▶ _WORK INSTRUCTION_
Could you write out, exactly as they stand, only the lines in the listing below from the line with "PRIVACY! Commanding mtn" to the line with "Read moreReview is", both ends included, without the pictures?
::: INPUT
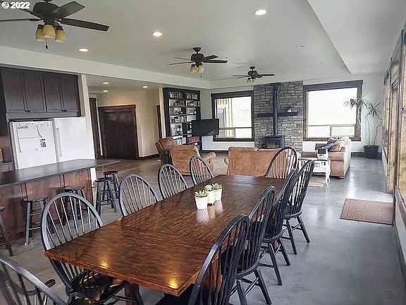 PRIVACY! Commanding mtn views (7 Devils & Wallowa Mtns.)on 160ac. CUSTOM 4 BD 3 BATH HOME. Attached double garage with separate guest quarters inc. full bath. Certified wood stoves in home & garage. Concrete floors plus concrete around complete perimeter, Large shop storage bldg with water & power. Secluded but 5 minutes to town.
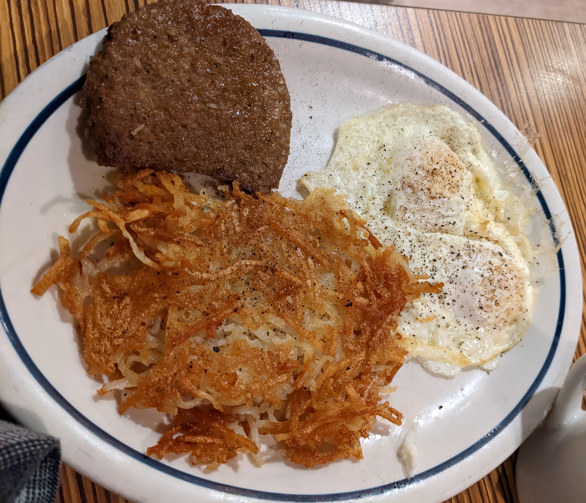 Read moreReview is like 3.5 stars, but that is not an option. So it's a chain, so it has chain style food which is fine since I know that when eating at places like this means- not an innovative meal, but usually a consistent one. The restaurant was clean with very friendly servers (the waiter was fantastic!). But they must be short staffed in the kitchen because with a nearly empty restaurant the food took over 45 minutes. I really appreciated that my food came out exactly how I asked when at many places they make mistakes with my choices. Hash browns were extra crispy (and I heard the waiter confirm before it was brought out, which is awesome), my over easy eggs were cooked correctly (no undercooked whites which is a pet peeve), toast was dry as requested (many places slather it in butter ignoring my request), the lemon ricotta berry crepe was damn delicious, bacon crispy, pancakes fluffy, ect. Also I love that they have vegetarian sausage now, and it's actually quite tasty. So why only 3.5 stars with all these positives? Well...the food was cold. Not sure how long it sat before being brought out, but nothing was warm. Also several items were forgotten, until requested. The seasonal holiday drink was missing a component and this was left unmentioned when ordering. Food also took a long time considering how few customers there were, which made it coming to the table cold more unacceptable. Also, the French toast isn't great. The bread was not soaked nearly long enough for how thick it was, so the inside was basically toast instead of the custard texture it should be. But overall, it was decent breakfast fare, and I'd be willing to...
::::::
::: INPUT
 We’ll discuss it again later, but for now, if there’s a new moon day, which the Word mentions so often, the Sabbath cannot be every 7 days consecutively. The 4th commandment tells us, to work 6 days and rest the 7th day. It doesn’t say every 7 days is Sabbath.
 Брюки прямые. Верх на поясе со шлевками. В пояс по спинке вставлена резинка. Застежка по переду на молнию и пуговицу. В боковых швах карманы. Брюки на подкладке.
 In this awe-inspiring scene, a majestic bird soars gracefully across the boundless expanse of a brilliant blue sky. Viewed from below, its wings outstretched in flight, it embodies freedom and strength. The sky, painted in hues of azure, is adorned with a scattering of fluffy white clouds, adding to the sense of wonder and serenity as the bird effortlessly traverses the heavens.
::::::
▶ _SOLUTION BELOW_
 PRIVACY! Commanding mtn views (7 Devils & Wallowa Mtns.)on 160ac. CUSTOM 4 BD 3 BATH HOME. Attached double garage with separate guest quarters inc. full bath. Certified wood stoves in home & garage. Concrete floors plus concrete around complete perimeter, Large shop storage bldg with water & power. Secluded but 5 minutes to town.
 Read moreReview is like 3.5 stars, but that is not an option. So it's a chain, so it has chain style food which is fine since I know that when eating at places like this means- not an innovative meal, but usually a consistent one. The restaurant was clean with very friendly servers (the waiter was fantastic!). But they must be short staffed in the kitchen because with a nearly empty restaurant the food took over 45 minutes. I really appreciated that my food came out exactly how I asked when at many places they make mistakes with my choices. Hash browns were extra crispy (and I heard the waiter confirm before it was brought out, which is awesome), my over easy eggs were cooked correctly (no undercooked whites which is a pet peeve), toast was dry as requested (many places slather it in butter ignoring my request), the lemon ricotta berry crepe was damn delicious, bacon crispy, pancakes fluffy, ect. Also I love that they have vegetarian sausage now, and it's actually quite tasty. So why only 3.5 stars with all these positives? Well...the food was cold. Not sure how long it sat before being brought out, but nothing was warm. Also several items were forgotten, until requested. The seasonal holiday drink was missing a component and this was left unmentioned when ordering. Food also took a long time considering how few customers there were, which made it coming to the table cold more unacceptable. Also, the French toast isn't great. The bread was not soaked nearly long enough for how thick it was, so the inside was basically toast instead of the custard texture it should be. But overall, it was decent breakfast fare, and I'd be willing to...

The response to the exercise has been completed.